Sea of Tranquility - Book Review

 

 

Sea of Tranquility

Emily St. John Mandel

4.5 stars

 

 

 

 

In support of a Canadian author, I grabbed this book. Emily St. John Mandel weaves the possibility of sci/fi (living on the moon) with futuristic realism (property prices decline there too) and makes it magical. Any one who can suspend belief and appreciate the possibility of time travel, human characters in different centuries all connected with the most tender of words must read this book.


I loved the description of Victoria, British Columbia (1912): It’s a far distant simulation(!) of England, a watercolour superimposed unconvincingly on the landscape.

Describing the wilderness/forest (the scene grabber for it’s future importance) - …this place is indifference. This place is utterly neutral on the question of whether he lives or dies…it hasn’t even noticed him.

We learn that Time is a continuum, so are all these wonderful characters real, are they merely pieces of each other one day after the next? Century after each other?

Mirella and Vincent (a female who at 13 radiated neglect)
Olive the homesick writer of a little girl
Gasperry and Zoey - family kinship

There's joy and sadness, rivalry and love, and a pandemic too. Futuristic ideas of holographic meetings, pixelating your face, and so many other ideas gave me many enjoyable wow-moments.

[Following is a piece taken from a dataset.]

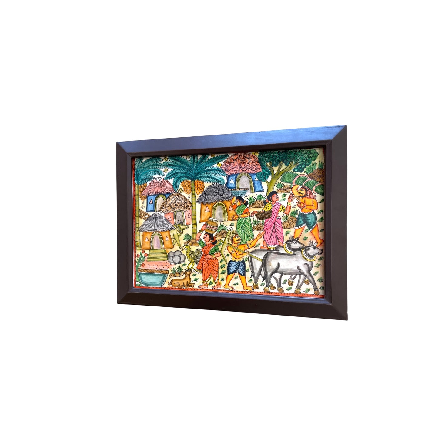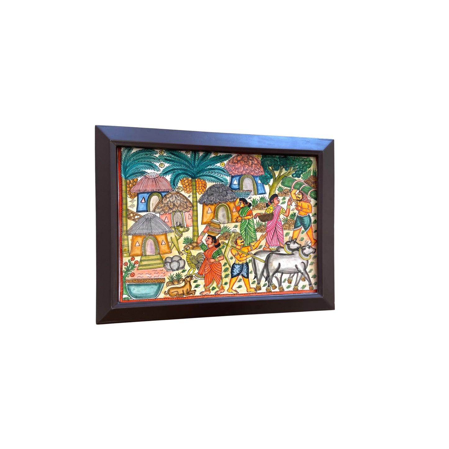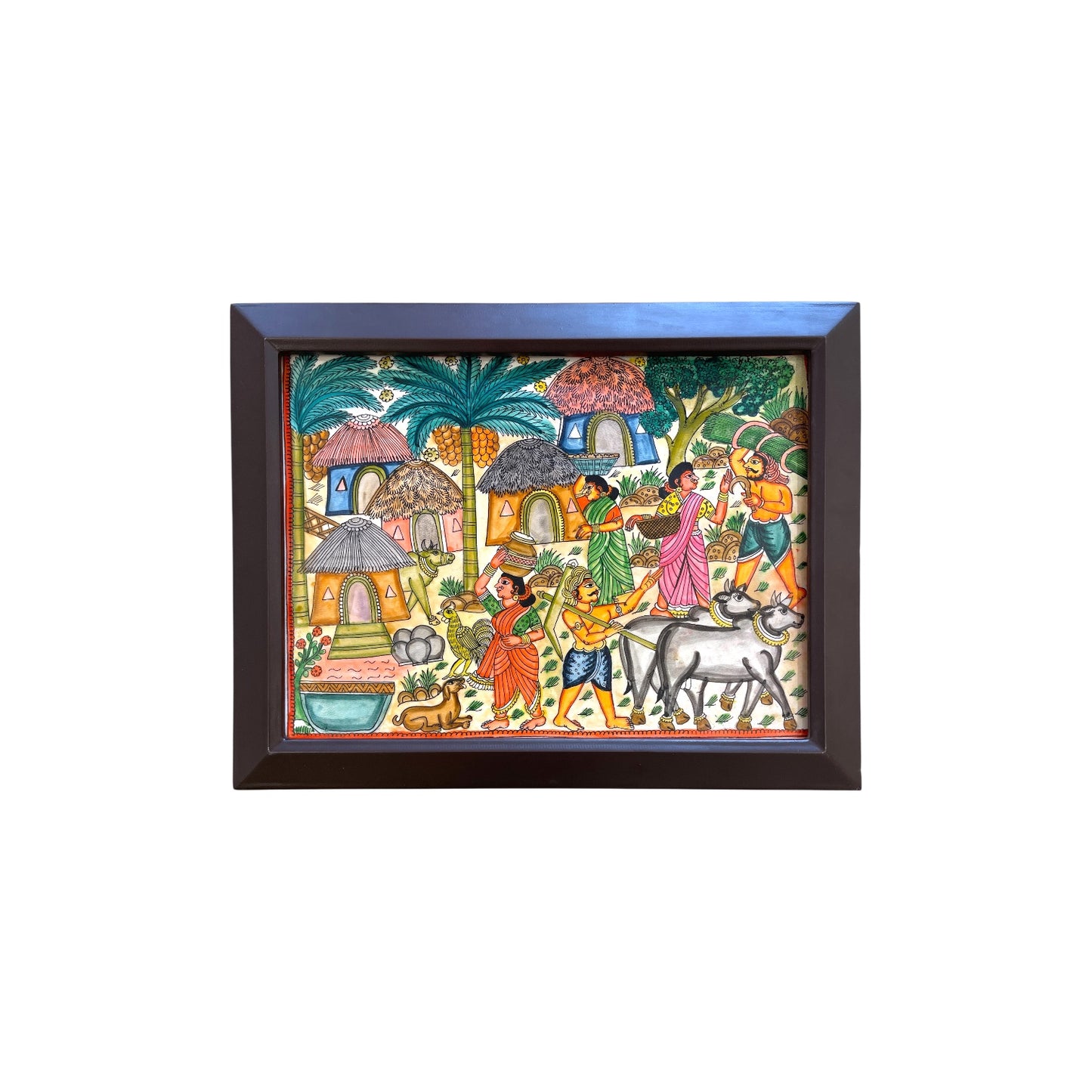 Handmade Kalamkari Village Scene Painting | Traditional Indian Folk Art Wall Décor

It doesn’t matter who or when, humans will be humans, as described (2401) when a 4 year old with her Dad, Ephrem sees a tombstone of another 4 year old: if her parents loved her, it would have felt like the end of the world.

What is written as separate stories become one, it is worth back-tracking to start again, once we know where we are headed. I take notes, folks, so it was wonderful to go back and re-read what I wished I’d known the first time. 

Wouldn't it be nice to do that in life?